Muffles–The Bar-Keep
by [?]

The following day, about ten o’clock in the morning, a man in a derby hat and with a pair of handcuffs in his outside pocket showed Muffles a paper he took from his coat, and the two went off to the city. When Muffles returned that same night–I had heard he was in trouble and waited for his return–he nodded to me with a smile, and said:

“It’s all right. Pipes went bail.”

He didn’t stop, but walked through to the back room. There he put his arms around his wife. She had sat all day at the window watching for his return, so Bowser told me.

II

One crisp, cool October day, when the maples blazed scarlet and the Bronx was a band of polished silver and the hoar-frost glistened in the meadows, I turned into the road that led to the Shady Side. The outer gate was shut, and all the blinds on the front of the house were closed. I put my hand on the old brass knocker and rapped softly. Bowser opened the door. His eyes looked as if he had not slept for a week.

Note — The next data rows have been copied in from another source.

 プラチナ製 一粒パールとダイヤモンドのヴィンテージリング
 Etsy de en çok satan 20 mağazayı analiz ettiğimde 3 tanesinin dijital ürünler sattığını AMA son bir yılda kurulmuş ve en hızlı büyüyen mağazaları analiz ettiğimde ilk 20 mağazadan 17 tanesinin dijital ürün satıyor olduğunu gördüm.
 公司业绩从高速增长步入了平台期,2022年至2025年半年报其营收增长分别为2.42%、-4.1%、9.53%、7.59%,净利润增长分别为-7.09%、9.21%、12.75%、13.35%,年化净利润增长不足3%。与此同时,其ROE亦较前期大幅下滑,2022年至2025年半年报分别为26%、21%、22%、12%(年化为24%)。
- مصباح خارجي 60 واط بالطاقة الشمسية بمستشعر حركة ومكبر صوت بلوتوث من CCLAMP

“What’s the matter–anybody sick?”

“No–dead!” and he burst into tears.

“Not Muffles!”

“No–the Missus.”

“When?”

“Last night. De boss is inside, all broke up.”

I tiptoed across the hall and into the bar-room. He was sitting by a table, his head in his hands, his back toward me.

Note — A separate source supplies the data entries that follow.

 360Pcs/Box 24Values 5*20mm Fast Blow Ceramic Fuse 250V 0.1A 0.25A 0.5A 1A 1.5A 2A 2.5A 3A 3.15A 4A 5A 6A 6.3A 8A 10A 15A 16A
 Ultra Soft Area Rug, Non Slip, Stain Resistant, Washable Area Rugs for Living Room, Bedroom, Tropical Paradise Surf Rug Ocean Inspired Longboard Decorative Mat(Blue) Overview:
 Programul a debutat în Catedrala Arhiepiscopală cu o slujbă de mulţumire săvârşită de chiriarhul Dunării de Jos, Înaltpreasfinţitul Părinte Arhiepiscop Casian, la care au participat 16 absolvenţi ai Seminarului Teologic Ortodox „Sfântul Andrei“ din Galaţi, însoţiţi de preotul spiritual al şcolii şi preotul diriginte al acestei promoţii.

“Muffles, this is terrible! How did it happen?”

He straightened up and held out his hand, guiding me to a seat beside him. For some minutes he did not speak. Then he said, slowly, ignoring my question, the tears streaming down his cheeks:

“Dis ends me. I ain’t no good widout de Missus. You thought maybe when ye were ’round that I was a runnin’ things; you thought maybe it was me that was lookin’ after de kids and keepin’ ’em clean; you thought maybe when I got pinched and they come near jugging me that some of me pals got me clear–you don’t know nothin’ ’bout it. De Missus did that, like she done everything.”

He stopped as if to get his breath, and put his head in his hands again–rocking himself to and fro like a man in great physical pain. I sat silent beside him. It is difficult to decide what to do or say to a man under such circumstances. His reference to some former arrest arose in my mind, and so, in a perfunctory way–more for something to say than for any purpose of prying into his former life–I asked:

“Was that the time the Pipe Contractor went bail for you?”

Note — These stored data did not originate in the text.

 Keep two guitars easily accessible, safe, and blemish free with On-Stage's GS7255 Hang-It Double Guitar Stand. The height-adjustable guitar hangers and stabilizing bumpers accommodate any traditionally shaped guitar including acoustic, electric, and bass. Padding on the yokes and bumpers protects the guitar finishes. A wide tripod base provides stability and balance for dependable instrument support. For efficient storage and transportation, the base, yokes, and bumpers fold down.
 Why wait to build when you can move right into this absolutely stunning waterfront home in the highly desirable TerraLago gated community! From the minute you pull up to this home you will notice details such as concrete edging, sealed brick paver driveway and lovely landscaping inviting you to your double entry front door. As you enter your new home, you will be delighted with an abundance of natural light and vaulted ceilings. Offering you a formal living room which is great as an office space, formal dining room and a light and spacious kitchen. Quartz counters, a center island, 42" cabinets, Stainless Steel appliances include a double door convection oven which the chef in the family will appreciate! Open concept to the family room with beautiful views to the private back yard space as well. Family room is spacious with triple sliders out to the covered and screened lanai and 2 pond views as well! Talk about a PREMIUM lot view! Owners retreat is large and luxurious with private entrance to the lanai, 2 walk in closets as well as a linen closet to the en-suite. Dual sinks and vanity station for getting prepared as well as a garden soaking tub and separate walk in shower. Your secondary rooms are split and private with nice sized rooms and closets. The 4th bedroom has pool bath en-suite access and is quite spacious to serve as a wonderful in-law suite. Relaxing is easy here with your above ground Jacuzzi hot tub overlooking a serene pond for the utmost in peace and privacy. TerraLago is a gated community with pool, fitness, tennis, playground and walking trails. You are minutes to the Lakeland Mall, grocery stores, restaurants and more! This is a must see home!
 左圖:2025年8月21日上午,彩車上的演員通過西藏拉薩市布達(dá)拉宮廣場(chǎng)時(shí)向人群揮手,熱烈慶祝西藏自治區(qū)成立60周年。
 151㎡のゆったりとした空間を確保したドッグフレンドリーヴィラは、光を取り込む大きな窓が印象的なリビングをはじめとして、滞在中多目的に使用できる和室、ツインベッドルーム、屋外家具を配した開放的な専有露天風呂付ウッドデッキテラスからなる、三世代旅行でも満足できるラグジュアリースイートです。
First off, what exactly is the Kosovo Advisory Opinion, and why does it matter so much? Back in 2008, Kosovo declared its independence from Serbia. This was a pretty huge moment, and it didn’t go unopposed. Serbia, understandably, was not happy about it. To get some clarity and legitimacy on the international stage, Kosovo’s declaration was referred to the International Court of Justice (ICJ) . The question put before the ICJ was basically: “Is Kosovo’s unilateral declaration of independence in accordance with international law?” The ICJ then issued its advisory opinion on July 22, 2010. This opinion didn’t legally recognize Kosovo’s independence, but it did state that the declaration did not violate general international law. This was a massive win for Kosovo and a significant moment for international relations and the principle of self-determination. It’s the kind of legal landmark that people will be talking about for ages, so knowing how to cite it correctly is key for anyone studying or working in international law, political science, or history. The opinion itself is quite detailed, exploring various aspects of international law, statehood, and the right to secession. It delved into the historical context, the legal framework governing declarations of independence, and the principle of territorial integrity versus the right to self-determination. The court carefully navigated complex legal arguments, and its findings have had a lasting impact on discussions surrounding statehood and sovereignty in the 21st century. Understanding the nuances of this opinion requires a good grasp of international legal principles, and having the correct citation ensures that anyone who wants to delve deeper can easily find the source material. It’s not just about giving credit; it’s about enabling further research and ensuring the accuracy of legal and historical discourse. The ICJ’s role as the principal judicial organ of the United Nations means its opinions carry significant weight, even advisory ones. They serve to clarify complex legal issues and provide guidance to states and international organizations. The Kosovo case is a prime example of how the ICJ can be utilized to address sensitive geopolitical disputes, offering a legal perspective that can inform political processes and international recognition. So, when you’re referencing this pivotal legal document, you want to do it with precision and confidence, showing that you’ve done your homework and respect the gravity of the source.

He moved his head slightly and without raising it from his hands looked at me from over his clasped fingers.

“What, dat scrape a month ago, when I hid dem goods in de cellar? Naw! Dat was two pals o’ mine. Dey was near pinched and I helped ’em out. Somebody give it away. But dat ain’t noth-in’–Cap’n took care o’ dat. Dis was one o’ me own five year ago. What’s goin’ to become o’ de kids now?” And he burst out crying again.

III

A year passed.

I had been painting along the Thames, lying in my punt, my face up to the sky, or paddling in and out among the pond-lilies. I had idled, too, on the lagoons of my beloved Venice, listening to Luigi crooning the songs he loves so well, the soft air about me, the plash of my gondolier’s oar wrinkling the sheen of the silver sea. It had been a very happy summer; full of color and life. The brush had worked easily, the weather had lent a helping hand; all had been peace and quiet. Ofttimes, when I was happiest, somehow Muffles’s solitary figure rose before me, the tears coursing down his cheeks, and with it that cold silence–a silence which only a dead body brings to a house and which ends only with its burial.